Differential drive device and AGV vehicle

Technical Field

The utility model relates to an industrial vehicle field, especially a differential drive and AGV vehicle.

Background

The present AGV car, i.e., an "automatic guided vehicle", is a vehicle equipped with an electromagnetic or optical automatic guide device, which can travel along a predetermined guide path, and has safety protection and various transfer functions, and belongs to the category of a wheel type Mobile Robot WMR wheel driven Mobile Robot. However, such AGV carts suffer from the following problems:

1. the steering wheel is adopted for driving, and the size of a vehicle body is large due to the large volume of a steering wheel driving unit, so that the turning radius and the channel width of the AGV are large.

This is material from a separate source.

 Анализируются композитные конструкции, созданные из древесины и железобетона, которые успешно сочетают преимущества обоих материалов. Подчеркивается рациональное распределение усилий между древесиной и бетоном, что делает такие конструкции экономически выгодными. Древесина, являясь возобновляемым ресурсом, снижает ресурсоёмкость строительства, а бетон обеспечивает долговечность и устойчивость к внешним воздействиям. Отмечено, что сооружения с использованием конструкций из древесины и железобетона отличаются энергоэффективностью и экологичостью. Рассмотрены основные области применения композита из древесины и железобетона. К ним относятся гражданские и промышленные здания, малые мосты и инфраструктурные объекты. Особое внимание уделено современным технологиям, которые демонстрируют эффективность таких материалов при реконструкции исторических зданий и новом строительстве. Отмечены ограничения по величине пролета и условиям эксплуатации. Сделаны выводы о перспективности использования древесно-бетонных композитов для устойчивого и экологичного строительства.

2. The fork side adopts passive bearing wheel, and the direction of motion of this kind of theory of bearing is parallel with the automobile body direction of advance all the time, and the bearing wheel can't realize universal rotation around the automobile body promptly, and this has decided that AGV's centre of rotation can only be on two bearing wheel's lines to lead to turning radius and passageway width great.

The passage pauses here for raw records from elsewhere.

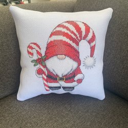 Håndsyet julepude med et håndbroderet motiv af en julemand med et glas vin. Den ene side er broderet, mens den anden side er rød. Str. 25x25 cm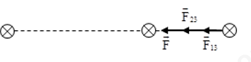 Ba dòng điện cùng chiều cùng cường độ \(10A\) chạy qua ba dây dẫn thẳng đặt đồng phẳng và dài vô hạn. Biết rằng khoảng cách giữa dây 1 và 2 là \(10cm\) dây 2 và 3 là \(5cm\) và dây 1 và 3 là \(15cm\). Xác định lực từ do dây 1 và dây 2 tác dụng lên dây 3:
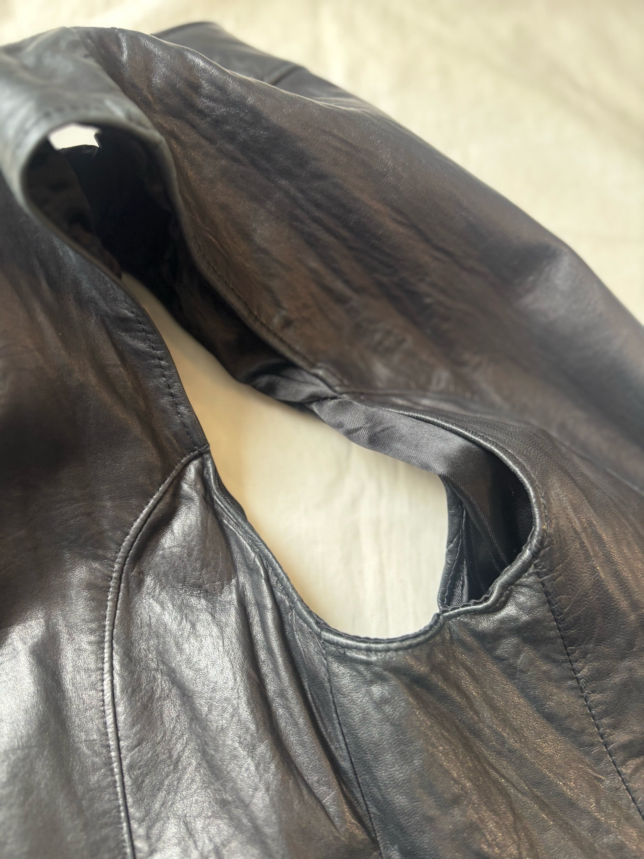 状態:右肩あたりに数カ所、左ポケット内側に一箇所レザーの破れがあります。目立たないのでそのままでも大丈夫だと思いますが、お直しで埋める事も可能です。

3. The device can only realize common straight line driving and steering, and can not realize the movement modes of translation, oblique movement, pivot steering and the like, which can greatly reduce the turning radius and the channel width.

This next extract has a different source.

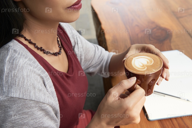 Женщина пьет капучино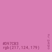 Цвет #D97CB3 в цветовой модели RGB обозначается тремя октетами (217, 124, 179) в десятичном формате и #D97CB3 в шестнадцатиричном (hex) формате, которые являются интенсивностью красного 217 (hex D9), интенсивность зелёного 124 (hex 7C) и интенсивность синего 179 (hex B3).

SUMMERY OF THE UTILITY MODEL

The utility model discloses a main aim at overcomes the above-mentioned defect among the prior art, provides a differential drive and AGV vehicle, and is small, reduces the turning radius of vehicle, and is applicable to multiple road conditions.

The utility model adopts the following technical scheme:

a differential driving device comprises a shell, and is characterized by also comprising a frame body, a driving wheel set, a rotating set and a swinging set; the inner wall of the shell is provided with a ring groove, and the driving wheel set is arranged on the frame body and is provided with two driving wheels; the rotating group is arranged on the periphery of the frame body and is in rolling fit with the inner wall of the annular groove; the swing group is arranged on the periphery of the frame body and is in rolling fit with the top of the ring groove to support the shell.

Preferably, the two running wheels are symmetrically arranged at two opposite sides of the frame body; the driving wheel set further comprises two driving sets which are fixed in the frame body and are respectively connected with and drive the two driving wheels to rotate.

Preferably, the driving set comprises a motor and a reduction gearbox, an output shaft of the motor is connected with an input end of the reduction gearbox, and an output end of the reduction gearbox is connected with the running wheel.

Preferably, the rotating group comprises at least two rotating wheels, and the at least two rotating wheels are respectively and rotatably positioned on the side parts of the two running wheels and are in rolling fit with the inner wall of the annular groove.

Preferably, the rotating group comprises four rotating wheels, wherein two rotating wheels are positioned on two sides of one driving wheel, and the other two rotating wheels are positioned on two sides of the other driving wheel; or the inner wall of the ring groove and the rolling surface of the rotating wheel are provided with cambered surfaces.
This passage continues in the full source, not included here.